Having played a few dozen more games on the new patches, I like where the game's at.
You adding "better matchmaking" means that the difficulty is way different now.
My stronger teams always end up facing this same team that has an exile squad and a spider as the leader of the pack. So this is actually a soft buff for weak teams because I'm able to complete the game easier with junk squads.
I actually won with a team entirely of zombabies I think.
One issue I found is that it's very possible to end up vs the same team multiple times if nobody exists in the same power bracket. I completed the game with a team that fought 4 battles back to back against the same team.
This'll probably be fixed by more people meeting the right criteria though. Basically when this game has more players.
The most powerful squads are of multiple categories:
People who make lots of cash. Money = power so getting rich means you can buy more upgrades and especially weapons. This is very consistent for getting wins, it just requires you buff up your units with all the extra cash.
Auto upgrading units. They're the same as basically buying a power up, and it happens passively. It's like getting free money and the upgrades are nice. If you survive long enough, you will win. I'd actually suggest lowering the cost of Rocky a bit. He's a bit too expensive to be worth it IMO.
Lucky niche strategies. They're the ones that have the potential to be very powerful, such as summoning decks, but you're at the mercy of RNG. They have a consistency issue.
It would be a huge buff for any of these decks if there were more ways to guarantee you ended up with specific units.
When the stars line up and you're able to do your long summoning combo or get your black knight and wizard setup or any of the other combos, it's golden.
The difference between say, a summoning deck and the above I mentioned is that a summoner needs to upgrade. Your imps and zombies need to be switched out for stronger, better variants. My Scotts, Thieves, and Barries just have to keep grinding and stuff.
Buying more of them enhances what they do but isn't strictly required. You're absolutely worse off if you can't get Zombubbas or Critters because they're so much better than the alternatives.
I think you could fix this by adding more stop-gap variants to the mix. Like if you examine every combo creature in this game, and then you add 1 or 2 extra combo pieces, in the form of an item or creature that could work with them.
With this massive number of synergies, the chances of something working for the player is greatly increased and they'll probably be okay even if they don't get the top tier units.
An example being a class of unit who reacts to receiving health from an ally in battle by doing something positive for that ally. You'd always pick it if you have any unit who gives health. This unit existing buffs all of these units.
The programming language like nature of how your game is constructed lends itself to this. There's all sorts of effects pets create that another one could react to. All of them could be builds if they have something to combo with.

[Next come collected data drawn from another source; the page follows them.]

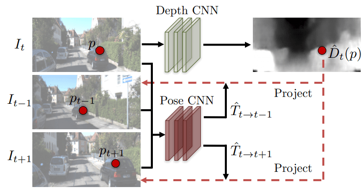 2.根据 [1],SfMLearner [2] (CVPR 2017) 提出在已知相机内参的单目视频上训练单目深度估计网络。原理是在视频前后帧上除了训练depth CNN外,再额外引入一个Pose CNN来估计相机外参(也就是相机运动),然后在训练过程中使用photometric loss来同时监督这两个网络。框架如下: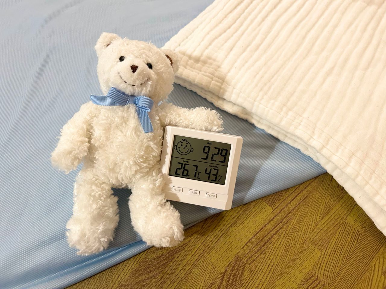 リビングと寝室に温度・湿度計を置いてクーラーとサーキュレーターを駆使して温度管理をしております。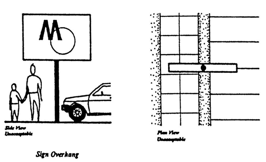 No marquee shall project within two feet of the curb of any street or driveway.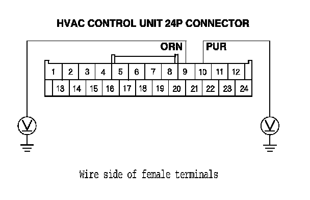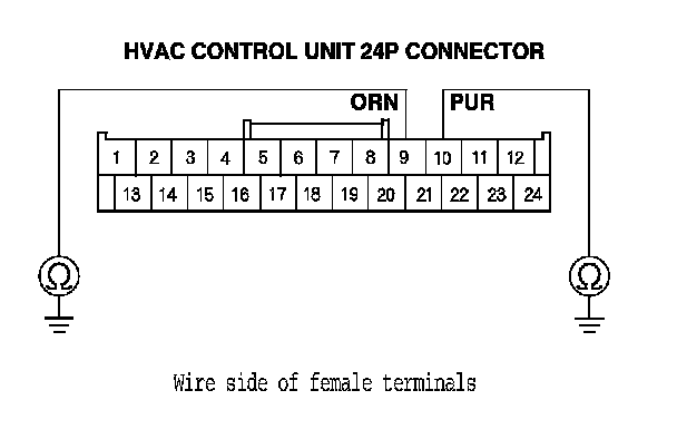 8. Check for continuity between body ground and the HVAC control unit 24P connector No. 9 and No. 10 terminals individually.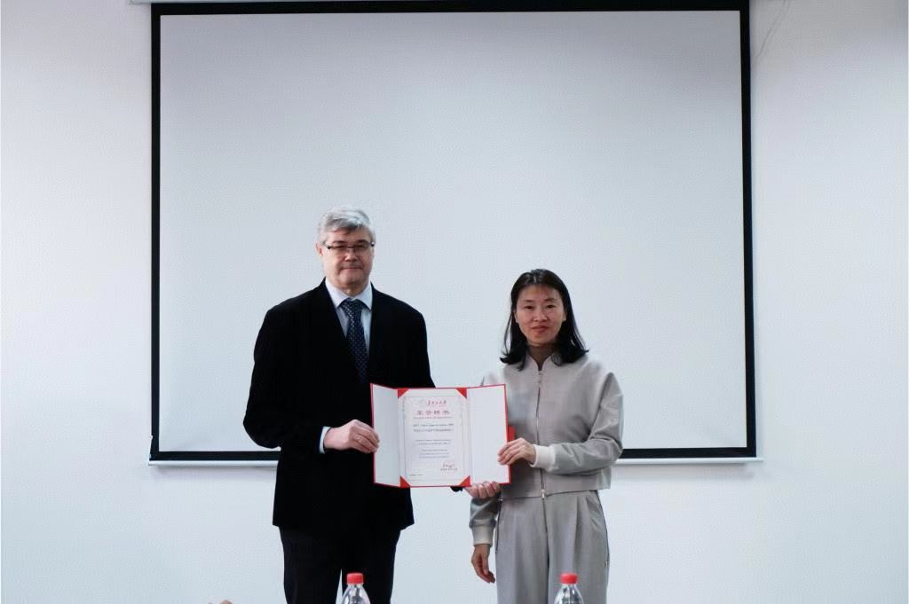 仪式上,人事处处长张晶平代表为Dmitry Olegovich Zharkov教授、Inga Grin教授颁发黑龙江大学“客座教授”聘书。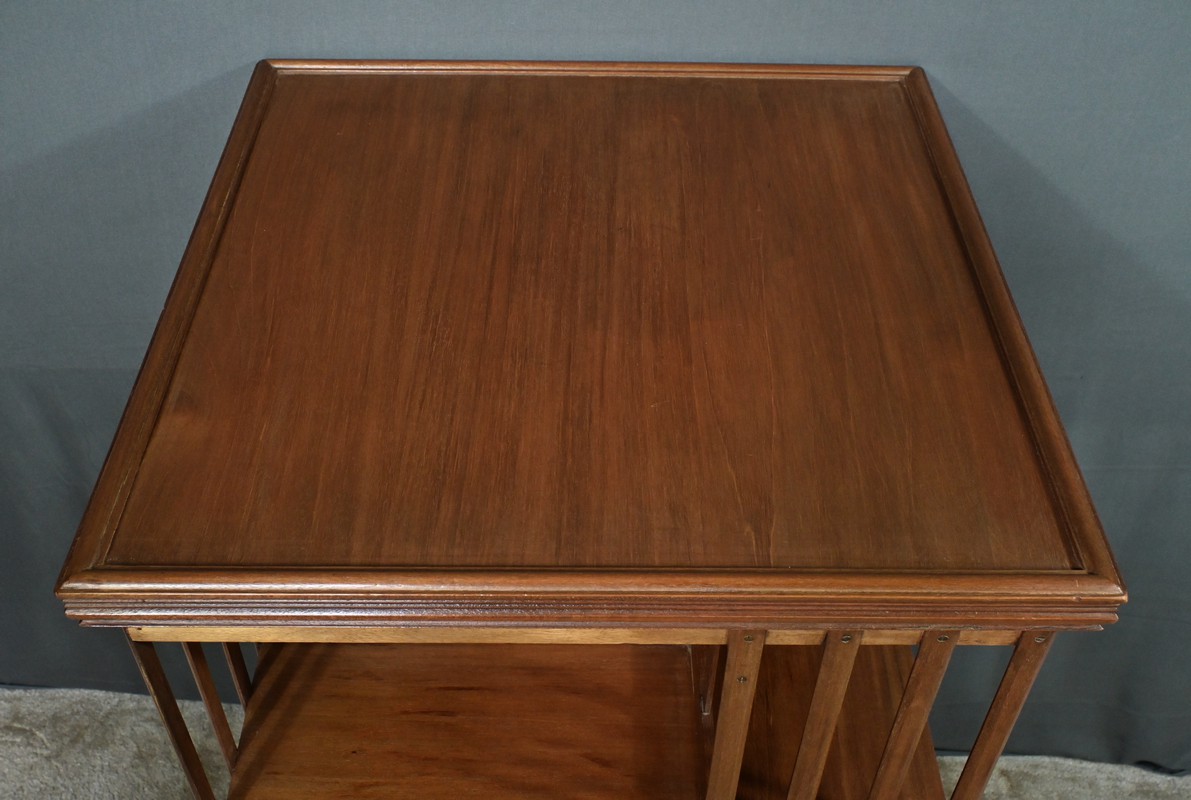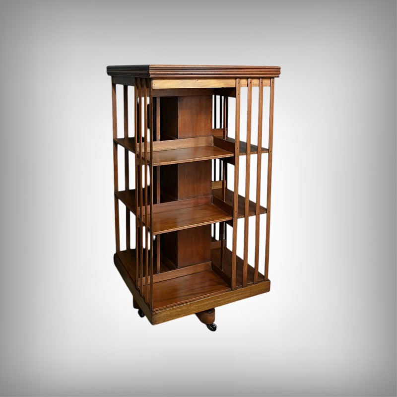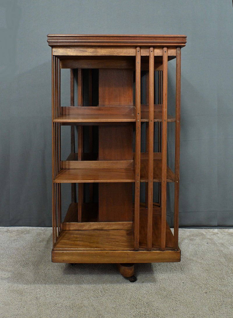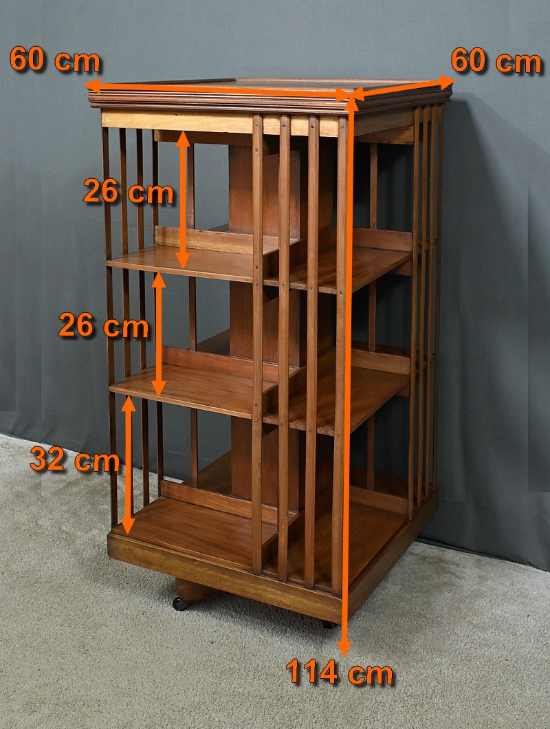Grande bibliothèque pivotante en acajou, incarnant le charme et la sophistication du mobilier classique britannique. Avec son design ajouré et ses trois niveaux de rangement, elle permet d’organiser vos ouvrages tout en conservant une esthétique raffinée. Son piétement à roulettes assure une mobilité aisée, offrant une flexibilité idéale pour ajuster son emplacement selon vos besoins. Cette bibliothèque est bien plus qu’un simple meuble : c’est un véritable élément décoratif et fonctionnel, parfait pour enrichir un bureau, une salle de lecture ou un salon avec une touche d’élégance et d’authenticité.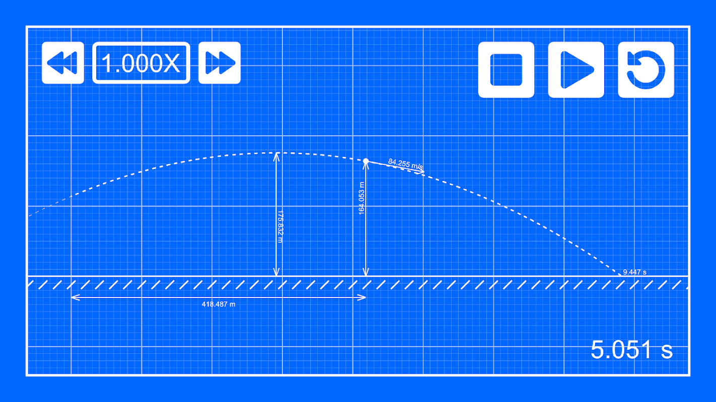 Từ các giá trị ban đầu (vận tốc, góc, chiều cao, độ nảy), ứng dụng sẽ tính toán: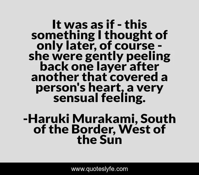 This page presents the quote "It was as if - this something I thought of only later, of course - she were gently peeling back one layer after another that covered a person's heart, a very sensual feeling.". Author of this quote is Haruki Murakami, South of the Border, West of the Sun. This quote is about japan, fiction,.

I suppose the word I'm looking for is consistency. It's possible to assemble the pieces of a nice critter summoning deck, with whatever summoner booster allies you pick, but you'll probably take some losses. The deck is slow to assemble and get going.
Lives also have to be considered.
3 or more lives, I'm not afraid. At 2, I start to get worried. At 1, it's crunch time and it's do or die.
A bad summoning deck early could take losses while putting together their squad. But I guess that's part of the game? You did add the heart rooms to heal people if they need it.
Besides what we talked about, I'd suggest:
-A lending system. If the player could go into debt to enhance their team, they have a hail mary when they're on the back foot. It would offer a means for people who are way behind and about to be eliminated the chance to turn things around.
This could manifest as gaining 10 coins now, and losing 10 coins next round. For some teams, it's debatable if there will be a next round. But it would help.
If you decide to, an extra heart could be bought in the same way. Perhaps it's available for 10 coins. So someone has to spend their round stipend to try and buy a life to keeps themselves in the game.
-Give us access to all 5 slots for party members and 3 slots for items from the beginning. If it was completely open from the start, people would have access to more choices and chances to spawn something that fits their build.
-A loyalty mechanic could also be nice. Perhaps every 3 rounds a pet has been with you, they gain one experience point. It massively buffs anyone who decides to keep the same units around. This would greatly benefit you if you keep the baby units from the start around. It adds an extra level of strategy to consider replacing a unit or letting it grow.
-Lastly, a knowledge base that lets someone view all the monsters and at what rounds they spawn would also be helpful. It evens the playing field and cuts any new player's learning curves. If the info is easy to look up, including a list of the items that spawn, possibly even with the % chances they have to appear, then people can do much better planning.
An veteran player will know what works from experience but someone newer will know what all the options are.